All of which is to say that re-opening the schools doesn’t require re-opening the school buildings.  Anything that could be done in those buildings can be done elsewhere — and in many cases shouldn’t be done at all at taxpayer expense.

So we are being handed the opportunity to refine the public school curriculum to make it commensurate with its stated purpose, as well as more compatible with our desire for fairness.

This in turn creates a second opportunity, which is to change our focus from keeping students in school for as long as possible, to getting students through school as quickly as possible.

To take advantage of this opportunity, we need to ask:  What are we doing now that interferes with that outcome?  An initial list might look like:

  • Mandatory attendance laws
  • Minimum class time regulations
  • Bloated graduation requirements
  • Cohorts and grade levels
  • Misguided standards

Many of those can be wiped away by the Department of Education, or by the General Court.  Or, if we’re in a hurry, His Excellency can toss them aside with the stroke of a pen.

But perhaps the biggest source of interference is conflating schooling with day care.   We keep trying to use a single institution (schools) to accomplish two misaligned goals (teaching and warehousing), with predictable results.   The good news is, since the Supreme Court hasn’t (yet) discovered a constitutional right to subsidized day care, this offers us a much-needed opportunity to disentangle education from day care.

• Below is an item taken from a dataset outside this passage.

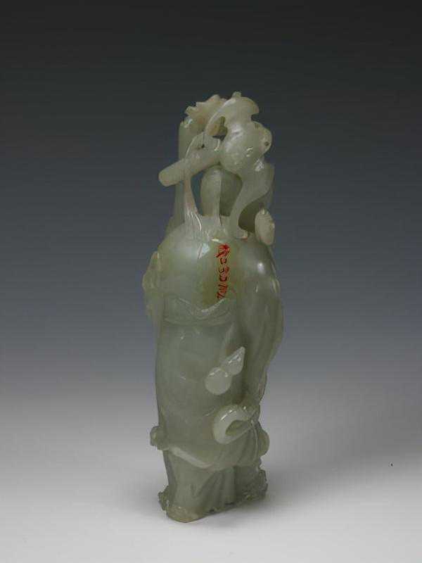 青玉罗汉,清,高23.7cm,宽14cm,厚5.5cm。

As I’ve said elsewhere, two things that are desperately missing from our school standards are priority² and independence³.  In the Age of Pandemics, these have become more crucial than ever.  There are a couple of relatively simple things we can do to bring public schools into alignment with the goals of minimizing the use of shared spaces, and minimizing time to graduation:

  1. A student who is not yet proficient in reading and math shouldn’t really be working on anything else, because those are fundamentals for being able to learn independently, and learning independently is the skill most needed by students in the post-COVID world.
  2. Testing out of courses should become the norm, rather than the exception.  This would adopt the central insight of Learn Everywhere, without dragging along its bureaucratic baggage:  If a student has mastered a subject, it really makes no difference at all where or how he learned it, or how long that took.  And he certainly shouldn’t have to wait for the arrival of some arbitrary deadline before being able to move on to other subjects.

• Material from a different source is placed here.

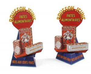 [PUBLICITÉ] Pâtes alimentaires Brusson Jeune.{CR}2 présentoirs publicitaires dépliants en découpe.{CR}45 x 28 cm{CR}On joint : Une petite plaquette publicitaire.
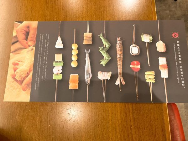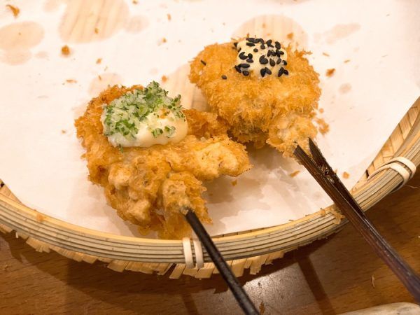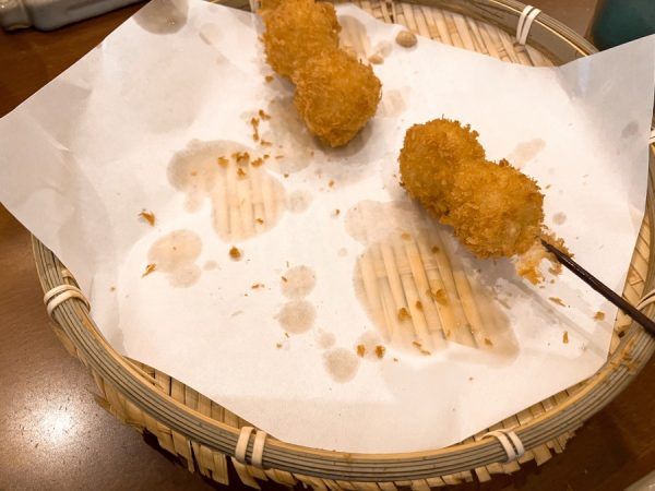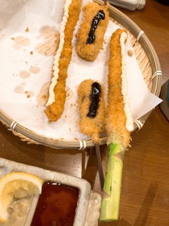 左:鳥南蛮(タルタルソース、あまじょっぱく、おいしい!はじめて!)右:さつまいも・バター添え(びっくり!デザート感覚!串揚げにバターなんて、独創的!すばらしい!)

I don’t even have to mention how much money we’d save by making these changes, do I?

Possibly the only thing more stupid than blowing up our economy and our society the way we have, would be to just try to put schools back together the way they were —  with 60% of kids failing to achieve proficiency in reading and math, and funding issues placing us on a collision course with state-wide income and sales taxes.

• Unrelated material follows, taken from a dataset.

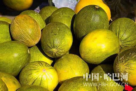 吐鲁番的哈密瓜大多为哈密瓜中的精品,呈长卵形,皮色鹅黄透红,网纹细密全,外观诱人,肉色浅桔,肉质细松脆、蜜甜微香。

This is our chance.  We may not get another one like it… until His Excellency declares the next emergency.

 


¹ I am relying here on the New Hampshire Supreme Court’s justification for using taxes to fund schools in the first place.

² By ‘priority’ I just mean that some things are more fundamental than others, and must be dealt with first.  If you’re in a course on American history, but your reading skills are below proficiency, then you should be working on reading instead of listening to someone explain the subject to you.  If you’re not rock solid on your arithmetic skills, you certainly shouldn’t be taking algebra… but you also shouldn’t be taking courses in, say, fashion merchandising.

³ By ‘independence’ I just mean that the single most important thing that you should be learning is how to direct your own learning, how to become your own teacher, so that you can learn whatever you want to later on.  Nothing else even approaches this in importance.